A previous study demonstrated the putative role of CD44 in HA-mediated carcinogenic signaling [21,22]. We then analyzed the protein expression of CD44 in various types of human breast cancer cell lines (Figure 1d). The results indicated that CD44 was detected in TNBC cells, such as MDA-MB-231, derived from a metastatic site of human breast cancer compared to the HER2+ breast cancer cells, except for the AU-565 cell line, which was isolated from a metastatic site of human breast cancer [23]. These results implied that the highly metastatic cancer cells (such as E0771-M) were resistant to HA-induced migration inhibition effects (Figure 1c). We suggested that HA attracts the highly migratory cancer cells (E0771-M) at the margin of the original tumor site to move into the HA-rich stromal area of tumor tissue. An in vivo study was conducted to evaluate the content of stroma HA in normal stroma tissues compared to the tumor-derived HA in patient-derived xenografted (PDX) tumors from NSG mice (Supplementary Figure S1e). The results show that compared with tumor tissues, the concentration of HA detected in the matrix is higher (Supplementary Figure S1e).

We hypothesized that HA detected in the tumor tissues was synthesized by human breast tumor-derived fibroblasts (HB-TDFs), which surround the original cancer lesions, may suppress cancer cell migration. To test this hypothesis, primary HB-TDFs (named F-1 to F-3) established from the ECM of human breast tumor tissues were cultured for 24 h, and the medium supernatant was collected. The concentration of HA synthesized by the HB-TDFs was determined in the supernatant (denoted as a conditioned medium) by ELISA (Supplementary Figure S1f). The HAS3 protein expression level was higher in the F-3 cells than in the other (F-1 and F-2) HB-TDFs. As expected, the HA concentration was highest in the conditioned medium from F-3 HB-TDFs (Supplementary Figure S1f, * p < 0.028). In order to test whether HA derived from HB-TDF in the conditioned medium has an inhibitory effect on tumor cell migration, two representatives HB-TDF (F-2 and F-3, lower chamber) were selected and combined with MDA-MB-231 co-cultivation in the Transwell plate (upper chamber) (Supplementary Figure S1g). The data indicated that the conditioned medium from F-3 HB-TDFs cells secreting higher HA levels which inhibited MDA-MB-231 cell migration than the F-2 derived HA-treated group (Supplementary Figure S1g, * p < 0.012). This finding suggests that HB-TDFs cells produced HA in the ECM within breast tumor tissues, having an anti-migratory effect. Furthermore, migratory cancer cells (such as E0771-M) were resistant to the anti-migratory effect of HA (Figure 1c) by some unknown mechanisms.

3.2. HAS3 Deficiency in Normal Stroma Tissue Promoted Breast Cancer Tumorigenesis

The above results indicated the anti-migratory effects of HA produced from HB-TDFs cells in the tumor tissue; we then tested whether a scanty amount of HA in normal stroma tissue promotes tumor cell invasion.

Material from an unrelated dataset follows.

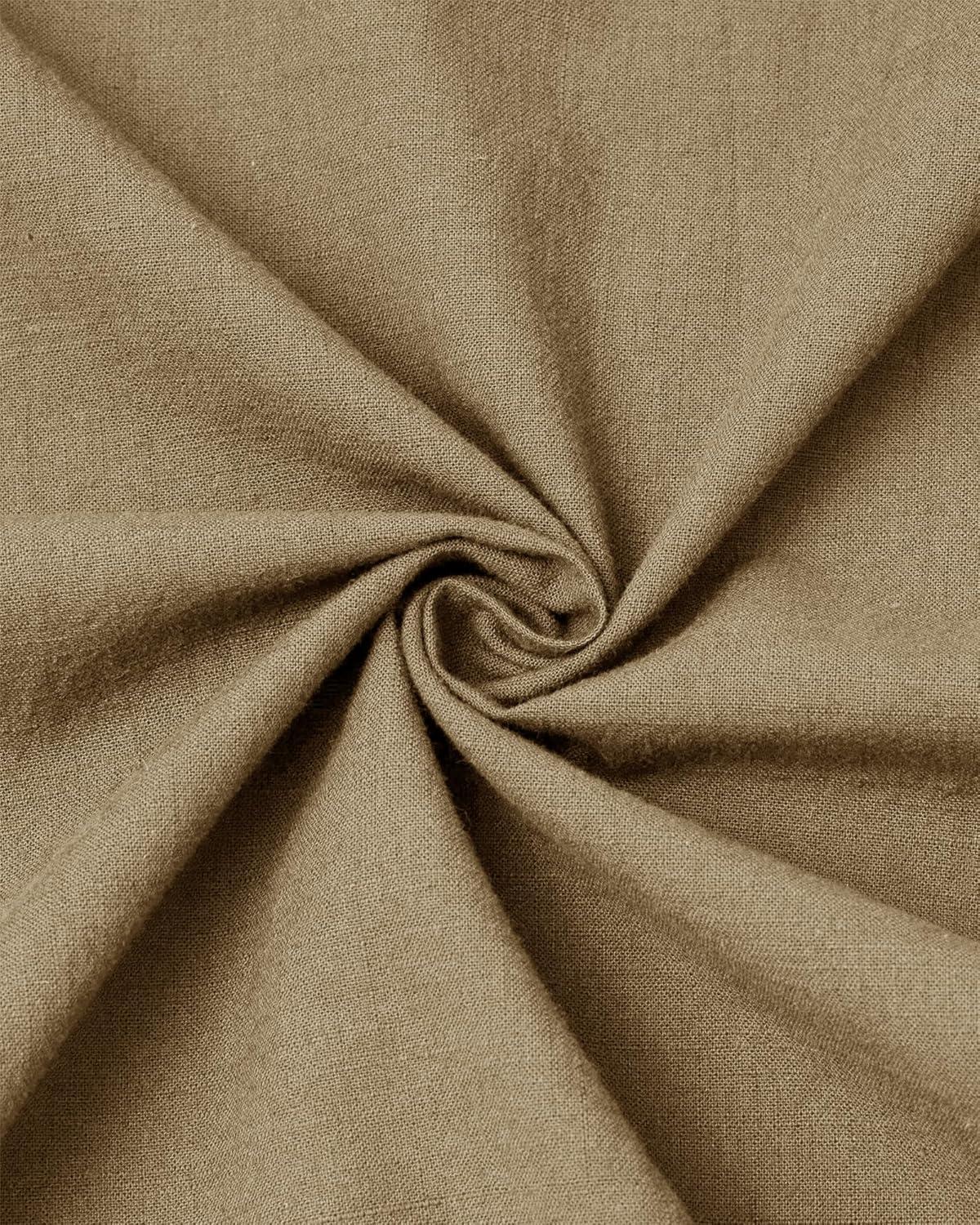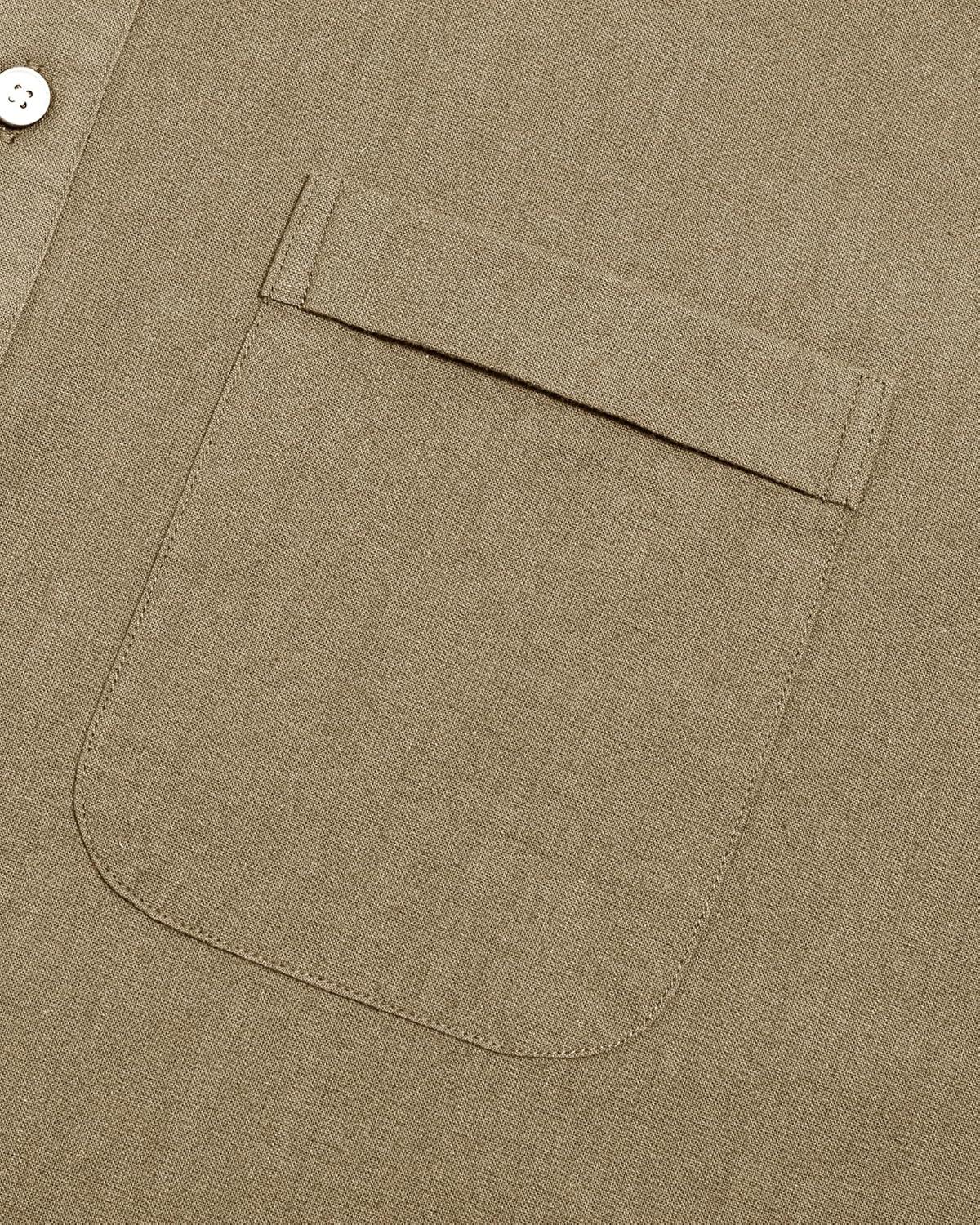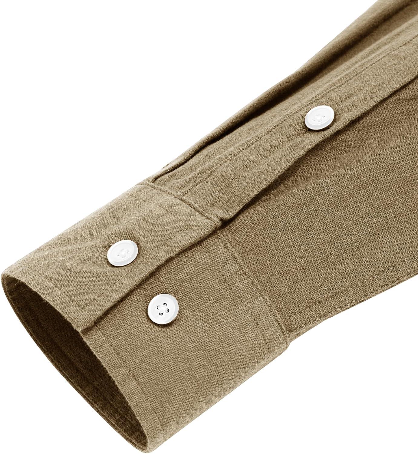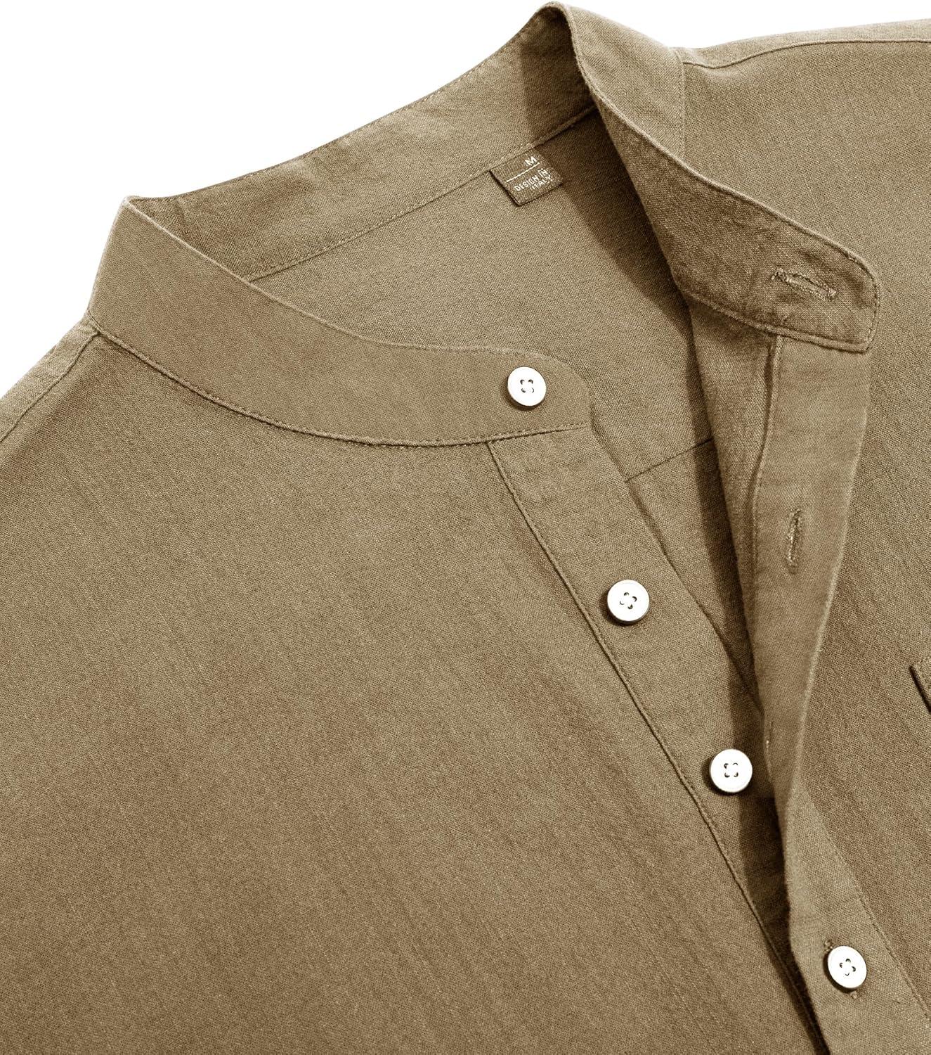J.VER Men's Cotton Linen Long Sleeve Shirts Casual Button Down Banded Collar Shirt Beach Summer Tops with Pocket(Dark Khaki)

We established embryonic fibroblasts from HAS3 knockout C57B6/J-Has3-KO mice (named MEFs-Has3-KO) that produced low concentrations of HA (Figure 2a). The cells (wild-type MEFs and MEFs-Has3-KO) were seeded onto the lower chambers of the Transwell plate for 24 h, and the migratory activity of the MDA-MB-231 cell was determined (Figure 2a). The results indicated that lower HA concentrations in the conditioned medium derived from MEF-Has3-KO cells significantly increased MDA-MB-231 cell migration to the membrane compared to wild-type MEFs (Figure 2a, * p = 0.00061). This result suggested that a scanty amount of HA in normal stroma tissue promotes the initial stage of tumor cell invasion.

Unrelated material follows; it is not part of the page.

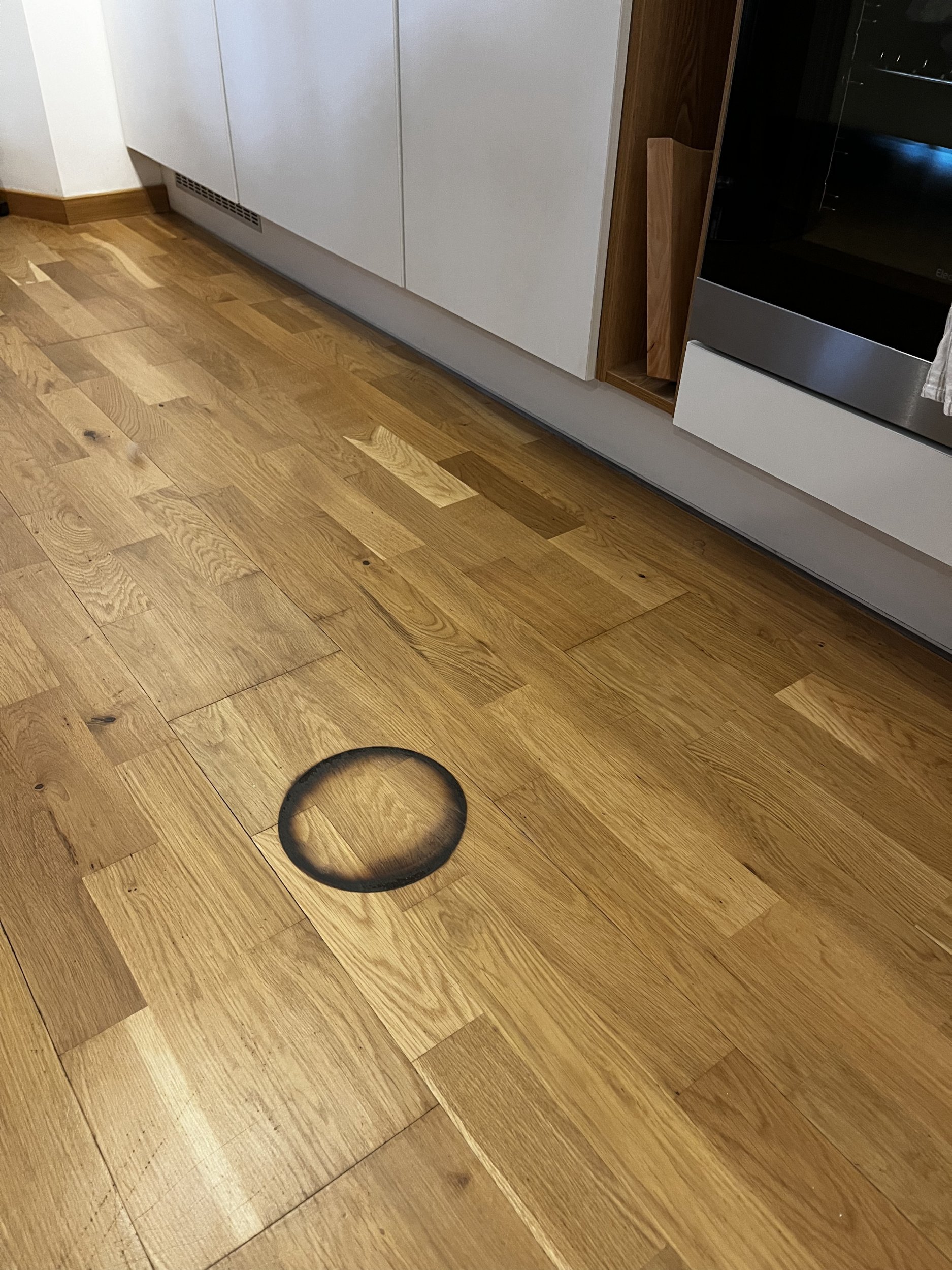 Hi, I hope you can help me; I need to repair only this part of the floor without replacing the entire thing. It is a floating floor; from what I can see, we only affected part of it. If you think you can take on this challenge, happy to coordinate with you.

Such results proposed that higher HA in tumor tissue may have an inhibitory effect to reduce tumor cell growth. An in vivo study was conducted to mimic a microenvironment with higher HA concentration in the ECM of xenograft tumor-bearing mice; the tumor cells were premixed with a HA solution (0.1 and 1%, w/v) in a temperature-sensitive PF127 [16] solution at room temperature (25 °C). The cell-matrix (contained HA and PF127) was transplanted into SCID mice, in which the cell-matrix changed from liquid to a semisolid hydrogel form at body temperature (37 °C) [16]. The HA in this mixture was slowly released into the microenvironment of MDA-MB-231-xenografted tumors, after which tumor growth was determined (Figure 2b). The results indicated that HA (1%, w/v) contained in MDA-MB-231 tumor cell-matrix significantly inhibited xenograft tumor growth, as evaluated by the luminescent intensity and tumor volume in the SCID mice model (Figure 2b, * p < 0.05).

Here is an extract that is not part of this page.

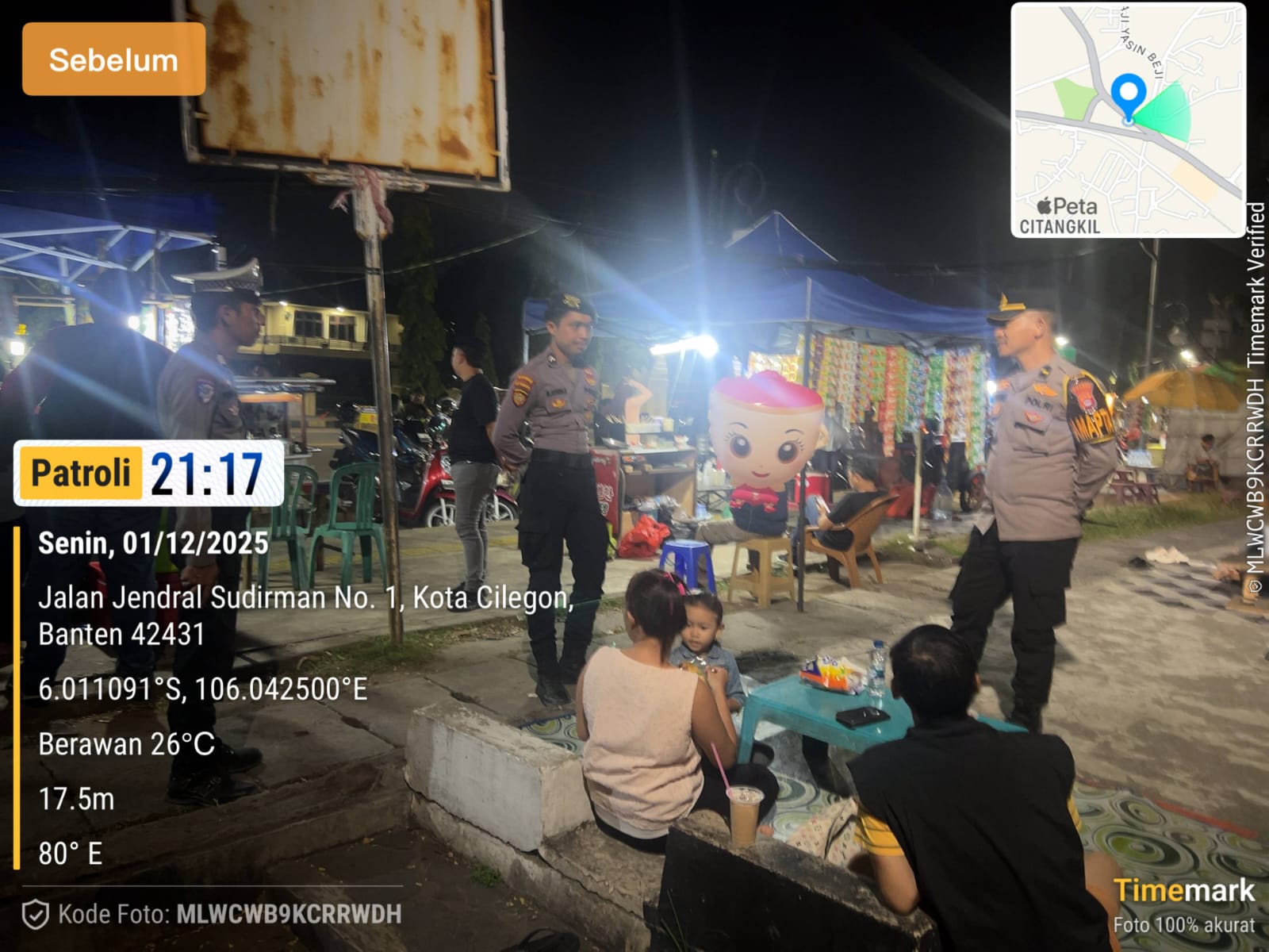 Anggota Polres Cilegon melaksanakan kegiatan patroli malam sebagai upaya menjaga keamanan dan ketertiban di wilayah hukumnya. Patroli dilakukan dengan menyisir sejumlah lokasi yang dianggap rawan terjadinya gangguan kamtibmas, termasuk area pemukiman, pusat keramaian, dan jalur utama.

To further confirm this hypothesis, we established HAS3 gene knockout (C57B6/J-Has3-KO) mice to generate a low HA in the tumor microenvironment. Syngeneic mouse breast tumor cells (E0771) were transplanted subcutaneously into C57B6/J-Has3-KO or control wild-type C57B6/J mice. The luminescent intensity and tumor volume evaluated tumor growth according to standard methods. The growth rate of breast tumors increased significantly in mice lacking HAS3 compared with wild-type mice (Figure 2c, * p < 0.05). These results indicated that HAS3 protein depletion in C57B6/J-Has3-KO mice establishes a microenvironment lacking specific types of HA in the ECM that promote breast tumor cell growth.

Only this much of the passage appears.